Article de Lucien Marest paru dans l’Humanité
La beigne
mercredi 8 juillet 2009
Alors que nous aurions dû fêter cette année le 50ème anniversaire de la création du ministère de la culture, rien n’en a été dit. Lucien Marest ancien maire-adjoint délégué à la culture d’Aubervilliers revient sur ce qui aurait dû être un évènement et pose la question : "Les rêveurs de la culture pour tous ont-ils échoué" ?
Curieuse manière de célébrer le 50e anniversaire de la création du ministère des Affaires culturelles par le général de Gaulle que de n’en rien dire ou presque ! Dommage, ça nous aurait fait rire un peu de découvrir que cette idée d’un ministère de plein exercice, séparé du ministère de lpublique et de l’Académie des beaux-arts, était en réalité une suggestion de Pompidou, alors directeur de cabinet du Général, lequel devait brillamment résumer la chose en recevant Michel Debré, son premier ministre : « Vous devriez faire de Malraux un ministre des Affaires culturelles, cela donnerait du relief à votre gouvernement. »
Va pour le relief, car en ce qui concerne les moyens, il faudra attendre l’irruption de la gauche, en 1981, pour constater un authentique effort budgétaire de l’État. En réalité, les premiers fondateurs de l’action publique pour la création artistique, sans remonter à la Révolution française, ne sont ni Malraux ni Lang, mais les artistes eux-mêmes, singulièrement ceux du théâtre, associés à des municipalités souvent à direction communiste, notamment en région parisienne. Un mouvement artistique ancré autour de la décentralisation théâtrale, de l’implantation de bibliothèques, puis de conservatoires de musique.
Mais aussi un mouvement social dont l’essor doit beaucoup à la prise en gestion directe des oeuvres sociales des comités d’entreprise par les élus des syndicats, notamment après 1968. Enfin, troisième mouvement, indissociable des deux précédents, la montée en puissance et en espérance du mouvement politique de rassemblement à gauche autour d’un programme de gouvernement pour enfin sortir la droite au pouvoir, presque sans interruption, depuis la Libération. Aujourd’hui, de toutes parts, on nous dit le malaise né d’un divorce croissant entre les artistes et le ministère de la Culture, mais, plus grave encore, on souligne, pour s’en plaindre, une indifférence ignorante de la gauche à l’égard de la création, de la culture, des artistes.

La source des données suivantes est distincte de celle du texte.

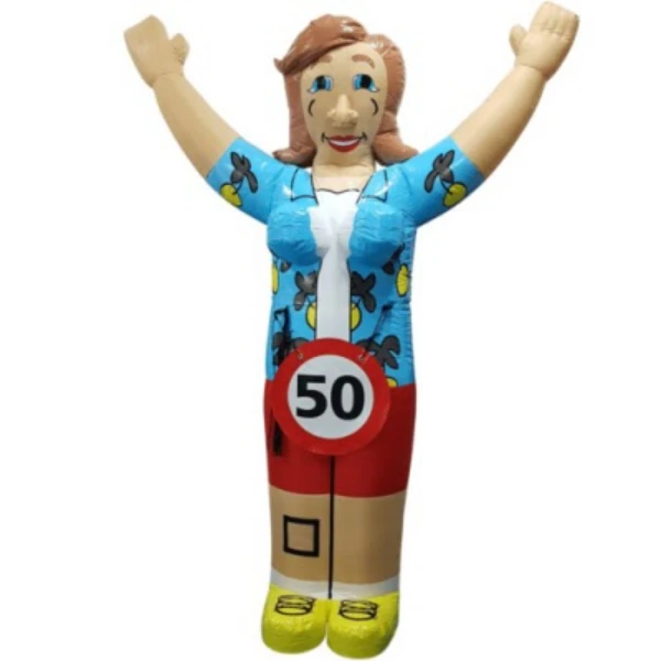 Ben je op zoek naar een unieke en grappige manier om de 50e verjaardag van een vriendin of familielid te vieren? Onze opblaasfiguur Sarah vakantievrouw is de perfecte keuze! Deze vrolijke blikvanger zorgt gegarandeerd voor een lach op het gezicht van de jarige en alle gasten. Het figuur is eenvoudig op te zetten en voegt direct een feestelijke en zomerse sfeer toe aan elke locatie. Maak van de verjaardag van Sarah een onvergetelijke dag met deze originele blikvanger.

C’est peu de dire que tout le mouvement artistique se trouve menacé si cette situation devait pourrir en perdurant. La droite d’inspiration autoritaire qui gouverne l’a compris : c’est un premier danger. « De fait, écrit le porte-plume du président de la République à sa ministre de la Culture, notre politique culturelle est l’une des moins redistributives de notre pays. Financée par l’argent de tous, elle ne bénéficie qu’à un tout petit nombre. » Évidemment, le 1er août 2007, Sarkozy ne pouvait pas savoir qu’un tel argument se retournerait comme une beigne lorsqu’il dispenserait à fonds perdus des milliards d’argent public pour renflouer les banques, toutes plongées dans les « eaux sales et glacées » du « calcul égoïste ».
Mais enfin, l’attaque est ciblée. Les rêveurs de « la culture pour tous » ont échoué, il est temps de les sanctionner et d’amorcer un processus de régression de leurs financements. Telle est bien l’orientation annoncée de la politique culturelle en 2009. Dans ces conditions, ceux qui veulent à juste titre redonner de l’ambition au ministère de la Culture ne devraient pas apporter leur pierre à ceux qui veulent le détruire.
Le deuxième danger, c’est l’état du mouvement social. Ce n’est pas ici qu’on sous-estimera ce qu’il montre de combativité depuis le début de l’année. Mais impossible non plus de ne pas voir ses limites professionnelles et politiques.
Le troisième danger pour le mouvement artistique, c’est vraiment la nature de l’espoir social et politique en cette fin d’année scolaire. Juste après le verdict abstentionniste ultramajoritaire des élections européennes, il reste un peu plus qu’un frémissement grâce à la mobilisation réussie du Front de gauche. Les formations qui le composent ont reçu le soutien d’intellectuels, d’écrivains, d’artistes, de scientifiques qu’on a pu remarquer. Il faut que cela réveille en nous ce vieux fond révolutionnaire qui, dans notre pays, associe les intellectuels, les artistes et le mouvement populaire. Sans cette alliance, qui ne ressemblera pas à ce qu’elle était dans les années 1980, le monde de la culture n’est plus suspendu qu’à un fil.
Sans ce retour moderne vers tous les lieux de pensée, syndicaux, associatifs, politiques, artistiques, il n’y a pas plus d’avenir pour la culture en général, qu’il n’y en a pour changer la société.